To estimate coverage of ART, information about the untreated natural history of HIV infection in low-income and middle-income countries is needed, especially on the duration from infection (seroconversion) to the point in time when an individual becomes eligible for ART, and from ART eligibility to death.2 3 Criteria for treatment eligibility differ between settings and guidelines. For example, the current International AIDS Society-USA guidelines for treatment of HIV infection in adults4 recommend that ART should be considered in asymptomatic patients after the CD4 count falls below 350 cells ×106/l and before it declines to 200 cells ×106/l. In contrast, the 2002 WHO guidelines, which are still used in some countries—for example, in South Africa, recommend ART only for patients with WHO stage 4 disease or a CD4 cell count of less than 200 cells ×106/l.5 These recommendations were revised in 2003 and now state that, in addition, treatment should also be started in patients with WHO stage 3 and a CD4 count between 200 and 350 cells ×106/l.6
Few seroconverter cohorts exist in low-income and middle-income countries, and the number of participants enrolled is relatively small. Collaborative analyses of individual participant data from several studies are useful in this situation.7 Recently, Todd and colleagues8 estimated time from seroconversion to death in a collaborative analysis of eight seroconverter cohorts from low-income and middle-income countries before ART became available; however, their study did not address time to ART eligibility. We established the eligibility for Antiretroviral Therapy in lower income countries (eART-linc) collaboration with the aim to estimate time from seroconversion to ART eligibility and from ART eligibility to death in HIV-infected adults from lower-income countries.

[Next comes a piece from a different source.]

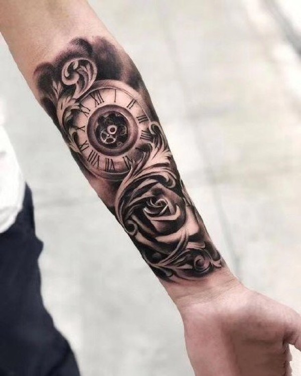 女性手臂上漂亮的玫瑰花纹身图案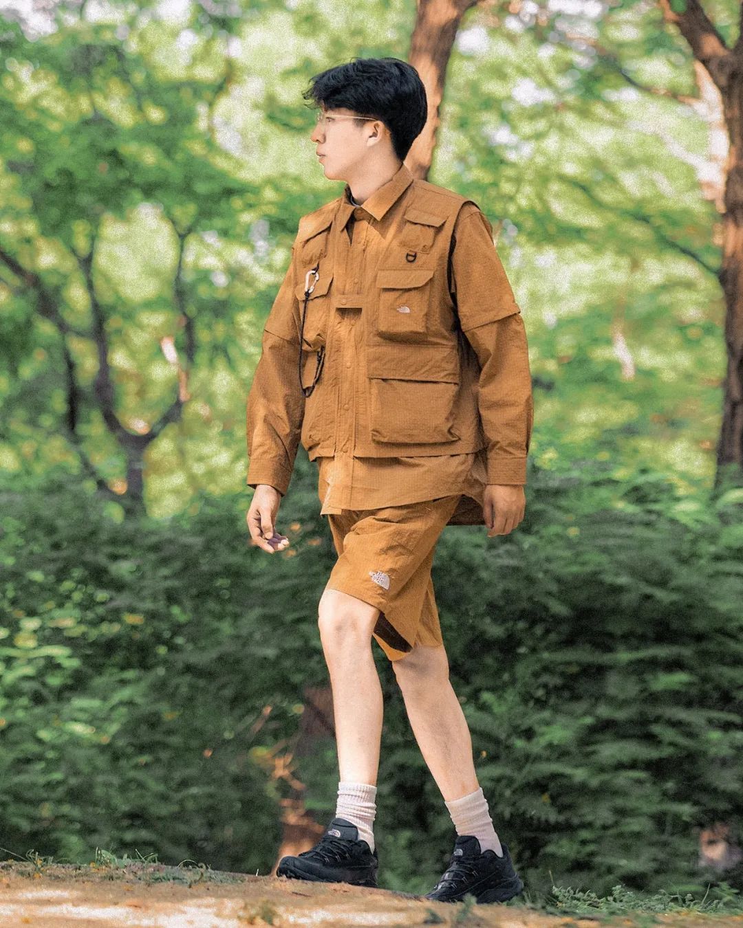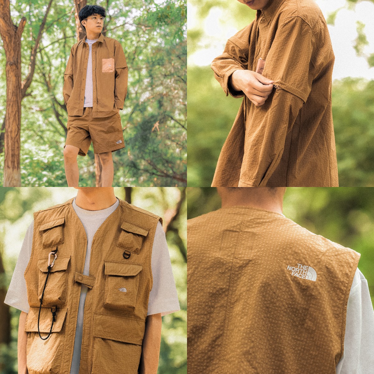 衬衫和短裤均采用 DWR 防泼水科技和 WINDWALL 的功能性面料,轻薄舒适不失质感,夏天穿着也不会很热。

We contacted cohort studies from low-income and middle-income countries of HIV-infected adults with documented last negative and first positive HIV tests and information on the evolution of CD4 counts or clinical stage, and invited them to contribute data to the eART-linc collaboration. Five cohorts, which were established in the 1990s and described in detail elsewhere,9–13 participated in the current analyses (table 1): the Primo-CI ANRS 1220 cohort9 in Abidjan, Côte d’Ivoire; the Rakai District cohort10 in rural Uganda; the Masaka District cohort,11 also in rural Uganda; the Royal Thai Army conscripts cohort12 in Thailand and the blood donors cohort13 in Chiang Mai, Thailand. Inspection of the data received showed that the information on CD4 count evolution was limited for the Thai cohorts,12 13 and these therefore contributed to estimation of the time from seroconversion to death only. Also, information on clinical stage was available only for the Masaka cohort.11
Observable and unobservable information
Figure 1 shows the observable information and the time points and intervals we set out to estimate. The exact date of reaching treatment eligibility cannot be observed because the relevant criteria, including CD4 counts and clinical stage, are assessed at certain points in time only. Individuals for whom treatment eligibility was observed had two dates: the last date with available information before eligibility was observed and the first date at which available information indicated that ART eligibility had been reached. The true date of treatment eligibility will lie somewhere between these two dates.
We used Weibull survival models14 to estimate the duration from seroconversion to various eligibility criteria for ART, from ART eligibility to death or from serconversion to death. The date of seroconversion was calculated as the midpoint between the last documented negative HIV test and the first documented positive HIV test. Follow-up was censored on the date the patient was last known to be alive. In patients who initiated ART, follow-up was censored on the date of starting therapy. We did analyses for various CD4 thresholds (<200 cells ×106/l, <275 cells ×106/l, <350 cells ×106/l) and for the combined criteria WHO clinical stage 3 and CD4 <350 cells ×106/l. In additional multivariable analyses we included gender and age. HIV subtype could not be included because subtype was highly correlated with the country in which the cohort was conducted. For descriptive purposes, we calculated and plotted Kaplan-Meier cumulative incidence estimates for some outcomes for each cohort.
We accounted for differences in survival distributions between cohorts using the hierarchical random effects model assuming proportional hazards. The random effects were assumed to be normally distributed around a common mean. We allowed for two different Weibull distributions, one each for the duration from seroconversion to treatment eligibility and from treatment eligibility to death. For the Thai cohorts, which did not contribute information on treatment eligibility, we modelled the duration from seroconversion to death using a third Weibull distribution. We set a consistency constraint on the mean survival times such that the mean duration from seroconversion to death was equal to the sum of the mean duration from seroconversion to the estimated time of ART eligibility and the mean duration from ART eligibility to death. In an additional analysis we excluded the Thai cohorts.
Estimation of time periods was based on a fully probabilistic approach using simulation methods. Vague prior distributions for parameters of interest were specified by using normal distributions with variances equal to 103. Samples from the posterior distributions for quantities of interest were obtained by Markov Chain Monte Carlo simulations based on 100 000 iterations from which the first 60 000 iterations were discarded. The influence of age at seroconversion and sex on survival was explored in standard proportional hazard Weibull regression models. Age was entered as a continuous variable.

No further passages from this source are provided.